Physical weights, such as the one from the suitcase she brought to the first meeting, overlap with symbolic ones; inside were a variety of goods like cigarettes and white sugar, which became more and more difficult to come by during the war, making the suitcase literally worth its weight in gold. Weight, weight, weight in every direction. Miyazaki’s redesigned role amplifies its visual expression, but even that is part of the film itself, which has a very distinct sense that only an aging mastermind burdened by their own heritage could make.

Similar to how the first half of the movie is obviously filled with autobiographical details about Mahito, the second part of the movie blatantly depicts his current status as a creator. During his quest to save Natsuko, Mahito finds himself in a fanciful universe that has evolved around a single figure: the creator, who is too elderly to keep up with the regular tweaking required to maintain the viability of an empire the size of Ghibli’s. That individual must wonder how to get a successor from his own lineage and whether it is really required, just as he did. It’s pushed to the fore to the point where it’s difficult to even label it metatextual—Miyazaki’s career and Ghibli’s importance are ultimately what it comes down to. Additionally, his choice to aggressively pursue Honda at the outset and the themes’ alignment feel like they can’t be coincidences because he is a cunning director who, at this time, exclusively hires individuals whose abilities he knows very well.

That makes the movie’s ending all the more intriguing. Mahito ultimately declines to take the throne, citing the weight of his cowardly, self-inflicted wound as evidence of human dirtiness—that is, something unworthy of the purity of a fantasy world but rather of the human realm. The Boy and the Heron make movements that suggest a message of hope for the future, accepting the imperfections that come with being human. The physical limitations—or rather, the absence of them—in the animation serve to emphasize that point once more. Almost every character in the film—including the numerous birds—is burdened by gravity at some point during the narrative. The Warawara, who, according to Kiriko, rise up to the real world to take on human form after being fed, are the only ones that defy this law. It seems logical that the only floating creatures in the movie are those who existed before life, assuming Mahito is correct and to live is to sin and be burdened by human nature.

Ultimately, the tower of creativity crumbles beneath its own weight. the burden of aging and, possibly, an abundance of outside influences that have gotten out of hand.

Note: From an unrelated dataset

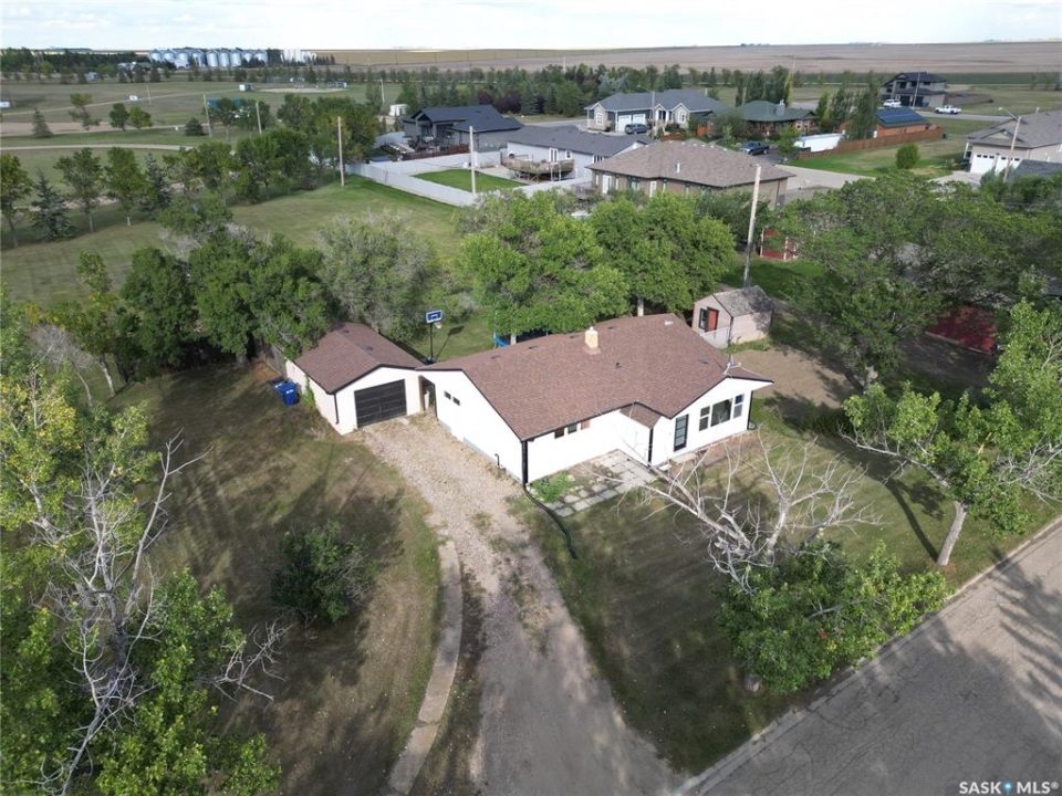 Welcome to Rouleau! Known as the home of SK's famous Corner Gas and nicknamed “Dog River,” this vibrant community is just 35 minutes from either Regina or Moose Jaw! The perfect spot for commuters who want peace and space without sacrificing convenience. Rouleau offers it all: a K-12 school, restaurant/bar, gas station, post office, sports arena, liquor store, hardware store, and more. Step inside this bright 3-bedroom, 1-bath, 1,090 sqft bungalow and instantly feel its warm, welcoming vibe. Recently refreshed with new siding, house wrap, updated windows, and central A/C (2025). The new mudroom entry adds storage and leads into the heart of the home, where original hardwood floors flow through most of the main level. The living room is filled with natural light from large south-facing sliding windows. In the kitchen, you'll find granite countertops, stainless steel appliances, a gas range, and a huge chalkboard wall. Perfect for recipes, lists, or family artwork. The 4-piece bathroom was updated in 2022, and the primary bedroom offers hardwood floors and a roomy wardrobe. Two other bedrooms complete the main floor, both with original hardwood and deep closets. The unfinished basement is full of potential and already has key updates: new ductwork (2021), gas water heater (2025), updated electrical panel, sump pump, and a roughed-in 2nd bathroom. The sewer main was fully replaced with a backflow valve installed, and the foundation has been partially braced. Outside, your private sanctuary awaits — a large backyard with a spacious deck shaded by mature trees, perfect for unwinding or entertaining. Enjoy a fenced dog run, play structure, and a shed ready for a playhouse or potting haven. Garden lovers will appreciate the east-side plot, and the property backs onto the Rouleau School track field for open views and good vibes. If you've been looking for a home where comfort, character, and opportunity align — this is it!

The existence of invading species, who are taken somewhere they don’t belong against their will and natural impulses but are nevertheless worthy of life despite their potentially harmful position in such ecosystems, is Miyazaki’s take on the environment in this film. The parakeets that have taken over this place of creation are the most noticeable of all. Friends of mine have compared them to the merchandise empire that has grown around Ghibli themselves, who at times have been more of a Totoro plushie factory than an animation studio. They are colorful, funny, but also dumb, incapable of meaningful creation themselves, and yet always hungry. Perhaps there is no reason to be fixated on preserving Ghibli if that is where things stand.

This film can be interpreted in a variety of ways since it is just too intricate to accurately link each allegory to a single, meaningful idea. It is ultimately quite interesting because of the many opposing notions that coexist in it. The Boy and the Heron is undoubtedly not Miyazaki’s most technically flawless work, but it is unquestionably his most significant due to its discussion of the director’s vast body of work and how its animation relates to many of those concepts.